Toda historia criminal tiene su final, y la de El Inmortal no iba a ser menos. Movistar Plus+ estrena este jueves la tercera y última temporada de una de las ficciones más intensas de su catálogo. La ficción, creada por José Manuel Lorenzo y dirigida por David Ulloa y Rafa Montesinos, se despide con seis episodios de 50 minutos que prometen no dar un respiro, mezclando acción, drama familiar y thriller psicológico en un formato tan comprimido como explosivo.
El punto de partida sitúa a los personajes en 2004. José Antonio, interpretado por Alejandro García, lleva años alejado del narcotráfico, centrado en su familia y tratando de dejar atrás un pasado que nunca termina de desaparecer. Mientras tanto, La Rubia (Teresa Riott) ha asumido el control de Los Miami, una organización que ha crecido en tamaño, influencia y peligro.
El equilibrio se rompe cuando un soplo policial coloca a la banda en el centro de una operación por un gran cargamento. Las sospechas no tardan en extenderse y el nombre de José Antonio vuelve a aparecer en el radar de la policía. A partir de ahí, la historia entra en una espiral sin retorno.
En solo cinco días
La gran apuesta de esta temporada es su estructura temporal. Todo ocurre en un margen muy estrecho, tan solo cinco días, sin saltos temporales y con los personajes atrapados en una espiral continua de decisiones urgentes. Una decisión creativa que los directores describieron como un reto físico y emocional para el reparto.

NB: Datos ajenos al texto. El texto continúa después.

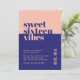 ¡Celebra el estilo de los 16 años de tu hija o ser querido con nuestra Invitación de cumpleaños rosado 'Dulce y Dieciséis'! Esta invitación moderna y audaz es la manera perfecta de marcar el tono de un fiesta dulce y memorable de dieciséis. Diseñada con vibrantes tonos azul y melocotón y llamativos tipos de letra contemporáneos, esta invitación rebosa energía y emoción juvenil, lo que lo convierte en una elección ideal para cualquier celebración dulce de dieciséis años.

“Todo ocurre en un margen muy estrecho de tiempo, apenas hay cambios de vestuario y los personajes no tienen tregua. Viven todo de forma continua, sin respiro, lo que exige a los actores sostener una intensidad emocional constante, casi como si fuera una pieza de teatro que se interpreta en una única toma prolongada. Queríamos que se sintiera el cuerpo de los personajes, su cansancio, su adrenalina, su desgaste físico y emocional. Una temporada más condensada, más directa, más viva”, explicaron David Ulloa y Rafa Montesinos al inicio del rodaje de esta última tanda de capítulos.
La temporada también plantea una reflexión de fondo sobre la imposibilidad de abandonar el crimen organizado. Según sus guionistas, David Moreno y Diego Sotelo, todo gira en torno a una pregunta incómoda: “¿se puede abandonar realmente el negocio de la droga?”. Una cuestión que atraviesa las tres tramas principales, diseñadas para avanzar en paralelo hasta confluir en un único desenlace.
En el reparto, Alejandro García y Teresa Riott vuelven a liderar una historia coral donde también repiten Marcel Borrás, Iván Massagué, María Hervás, Irene Esser, Jon Kortajarena y Gonzalo de Castro. A ellos se suman nuevos rostros como Carlos Scholz, Pablo Molinero, Gala Bichir, Olaya Caldera y Pepe Lorente, que entran en un tablero ya de por sí al límite.
Por su parte José Manuel Lorenzo, creador y productor ejecutivo, reafirmó la diferencia de la tercera temporada porque arranca con “todos los personajes fuera del sitio donde los dejamos y promete ser muy interesante”.